The Lie is the only real drive remaining in the conservative movement these days is to enact ledge that immediately benefits a handful of extremely powerful, wealthy clans by any means necessary. They don't care about those cultural issues, in fact they'd rather they stay unresolved and hot. They only care about two sets of policies with the same goal, cutting taxes on rich people and dismantling regulations and institutions designed to limit how much damage they can do to the rank and file American. This is what the GOP stands for and they've been successful at it.
But there are downsides to it. For starters, these policies and institutions are there for a reason, to keep the economy from utterly collapsing like it's done in the past. On the heels of the Great Depression laws and institutions developed or were put into place to prevent another banking bubble from forming and destroying the economy. Those laws were eventually weakened to the point they were ineffective, and who would've thunk it, a banking bubble immediately formed and destroyed the economy. It knocked rich conservative for a loop, they were so shaken as their investments and business interests dropped like a stone that their confidence faltered, helping Obama get elected by a landslide in 2008.
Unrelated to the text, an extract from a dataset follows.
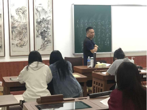 5月17日、18日,我社邀请了学院特聘教授,中国书法家协会会员、中央国家机关书法家协会会员、钢笔字速成创始人、魏晋笔法传承人王向东老师在教学楼A区美育实训中心为我社同学开展了书法讲座,书法社共计75名同学参加了此次讲座。

Another point is the independence of external corrective movements. When the banks were bailed out it pissed off some conservatives who believed, truly believed, in the free market ideology they had been fed for decades. A nascent rebellion grew. Had it been allowed to flourish it might have provided real, useful correction to those elements of the conservative movement that have degenerated into a full blown racket. But because there is so much money available in that community, that movement was quickly integrated right back into the wider conservative agenda that caused the rebellion to form. The tea party doesn't even exist any more, in the space of one midterm election cycles it has already come and gone.
Contrast this with our grassroots/netroots progressive movement which is still healthy, independent, and strong. In large part because our party, the democrats, did not suckle us with establishment dollars. It's too bad for progressive bloggers who basically work for free or for a tiny portion of what their conservative counterparts pull in, I think it could be done without destroying us as there are fundamental differences in uor method of operation and goals. But our movement is still here, that's hard to argue with after watching what happened to the tea party.
Look at the state of the conservative movement today, it's a mess! They literally cannot offer anything new, and the old policies they keep pitching are such demonstrative failures even some of their wealthier donors are bailing or balking. That's why the bait-ball makes me think of them. It's a swirling panicked mass being reduced in number by time and political bottom feeders. They have nothing new to go forward on, they can't admit their economic ideology was a complete catastrophe it's was a failure, all they can do is double down on their most odious policies rejected by growing majorities of the electorate in a desperate last ditch ploy to hang onto enough of their base that they feed their rapacious predators. They are stuck, frozen in this pattern of destructive behavior, with no idea how to avoid the inevitable, total political collapse to come.